[ovirt-users] One RHEV Virtual Machine does not Automatically Resume following Compellent SAN Controller Failover

Mon May 30 07:43:18 UTC 2016

We see exactly the same, and it does not seem to be Vendor dependend.

- Equallogic Controller Failover -> VM get paused and maybe unpaused but
most dont
- Nexenta ZFS iSCSI with RSF1 HA -> same
- FreeBSD ctld iscsi-target + Heartbeat -> same
- CentOS + iscsi-target + Heartbeat -> same

Multipath Settings are, where available, modified to match the best
practice supplied by the Vendor. On Open Source Solutions we started
with known working multipath/iscsi Settings, and meanwhile nearly every
possible setting has been tested.
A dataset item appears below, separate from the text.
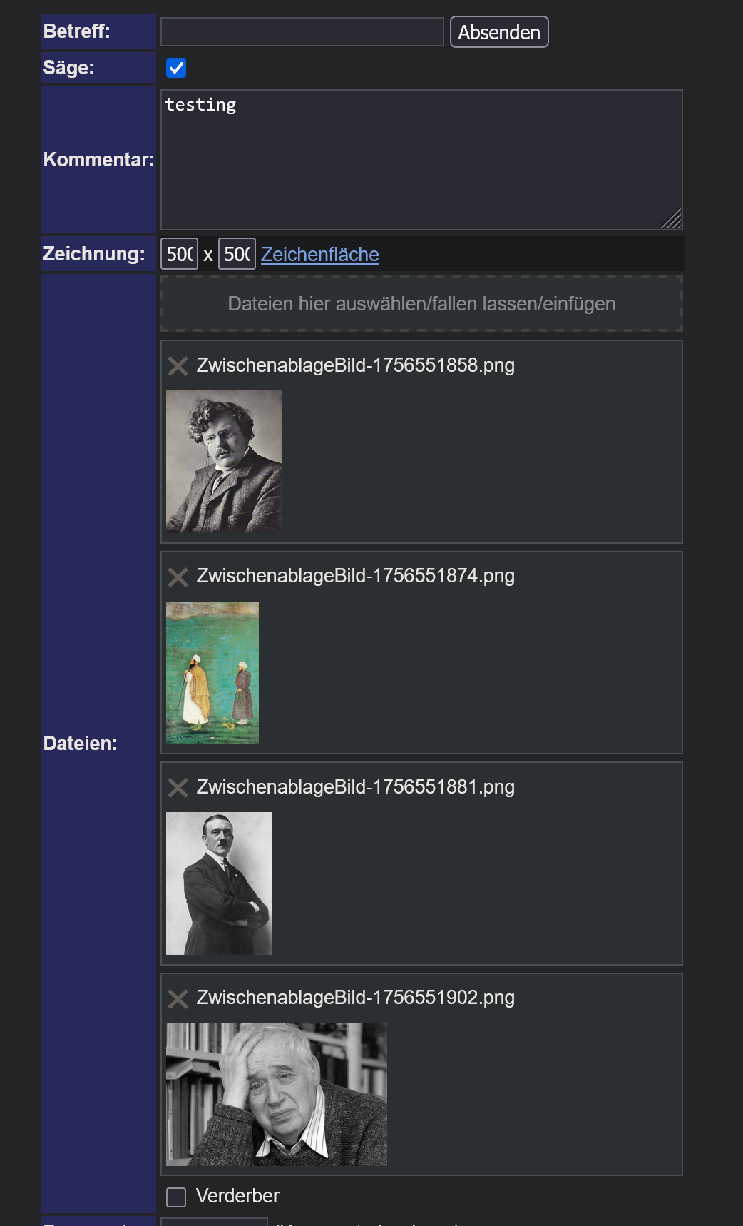 This was in Firefox under Fedora. I tried it under windows and couldn't post even with one image. Maybe this is helpful to Generalmajor: Uncaught (in promise) TypeError: SubtleCrypto.digest: Argument 2 could not be converted to any of: ArrayBufferView, ArrayBuffer. onloadend https://krautchan.org/.static/js/postCommon.js?c=1747318602816:540 newCheckExistance https://krautchan.org/.static/js/postCommon.js?c=1747318602816:534 newGetFilesToUpload https://krautchan.org/.static/js/postCommon.js?c=1747318602816:597 processFilesToPost https://krautchan.org/.static/js/thread.js?c=1747318602820:979 processReplyRequest https://krautchan.org/.static/js/thread.js?c=1747318602820:1002 checked https://krautchan.org/.static/js/thread.js?c=1747318602820:1069 handleConnectionResponse https://krautchan.org/.static/js/api.js?c=1749256797435:310 connectionStateChanged https://krautchan.org/.static/js/api.js?c=1749256797435:384 formApiRequest https://krautchan.org/.static/js/api.js?c=1749256797435:350 postReply https://krautchan.org/.static/js/thread.js?c=1747318602820:1047 postCommon.js:540:21 onloadend https://krautchan.org/.static/js/postCommon.js?c=1747318602816:540 AsyncFunctionThrow self-hosted:804 (Async: async) newCheckExistance https://krautchan.org/.static/js/postCommon.js?c=1747318602816:534 newGetFilesToUpload https://krautchan.org/.static/js/postCommon.js?c=1747318602816:597 processFilesToPost https://krautchan.org/.static/js/thread.js?c=1747318602820:979 processReplyRequest https://krautchan.org/.static/js/thread.js?c=1747318602820:1002 checked https://krautchan.org/.static/js/thread.js?c=1747318602820:1069 handleConnectionResponse https://krautchan.org/.static/js/api.js?c=1749256797435:310 connectionStateChanged https://krautchan.org/.static/js/api.js?c=1749256797435:384 (Async: EventHandlerNonNull) formApiRequest https://krautchan.org/.static/js/api.js?c=1749256797435:350 postReply https://krautchan.org/.static/js/thread.js?c=1747318602820:1047

Without much success.

To me it looks like Ovirt/Rhev is way to sensitive to iSCSI
Interruptions, and it feels like gambling what the engine might do to
your VM (or not).

Am 11/23/2015 um 8:37 PM schrieb Duckworth, Douglas C:
> Hello --
> 
> Not sure if y'all can help with this issue we've been seeing with RHEV...
> 
> On 11/13/2015, during Code Upgrade of Compellent SAN at our Disaster
> Recovery Site, we Failed Over to Secondary SAN Controller.  Most Virtual
> Machines in our DR Cluster Resumed automatically after Pausing except VM
> "BADVM" on Host "BADHOST."
> 
> In Engine.log you can see that BADVM was sent into "VM_PAUSED_EIO" state
> at 10:47:57:
> 
> "VM BADVM has paused due to storage I/O problem."
> 
> On this Red Hat Enterprise Virtualization Hypervisor 6.6
> (20150512.0.el6ev) Host, two other VMs paused but then automatically
> resumed without System Administrator intervention...
> 
> In our DR Cluster, 22 VMs also resumed automatically...
> 
> None of these Guest VMs are engaged in high I/O as these are DR site VMs
> not currently doing anything.
> 
> We sent this information to Dell.  Their response:
> 
> "The root cause may reside within your virtualization solution, not the
> parent OS (RHEV-Hypervisor disc) or Storage (Dell Compellent.)"
> 
> We are doing this Failover again on Sunday November 29th so we would
> like to know how to mitigate this issue, given we have to manually
> resume paused VMs that don't resume automatically.
> 
> Before we initiated SAN Controller Failover, all iSCSI paths to Targets
> were present on Host tulhv2p03.
> 
> VM logs on Host show in /var/log/libvirt/qemu/badhost.log that Storage
> error was reported:
> 
> block I/O error in device 'drive-virtio-disk0': Input/output error (5)
> block I/O error in device 'drive-virtio-disk0': Input/output error (5)
> block I/O error in device 'drive-virtio-disk0': Input/output error (5)
> block I/O error in device 'drive-virtio-disk0': Input/output error (5)
> 
> All disks used by this Guest VM are provided by single Storage Domain
> COM_3TB4_DR with serial "270."  In syslog we do see that all paths for
> that Storage Domain Failed:
> 
> Nov 13 16:47:40 multipathd: 36000d310005caf000000000000000270: remaining
> active paths: 0
> 
> Though these recovered later:
> 
> Nov 13 16:59:17 multipathd: 36000d310005caf000000000000000270: sdbg -
> tur checker reports path is up
> Nov 13 16:59:17 multipathd: 36000d310005caf000000000000000270: remaining
> active paths: 8
> 
> Does anyone have an idea of why the VM would fail to automatically
> resume if the iSCSI paths used by its Storage Domain recovered?
> 
> Thanks
> Doug
>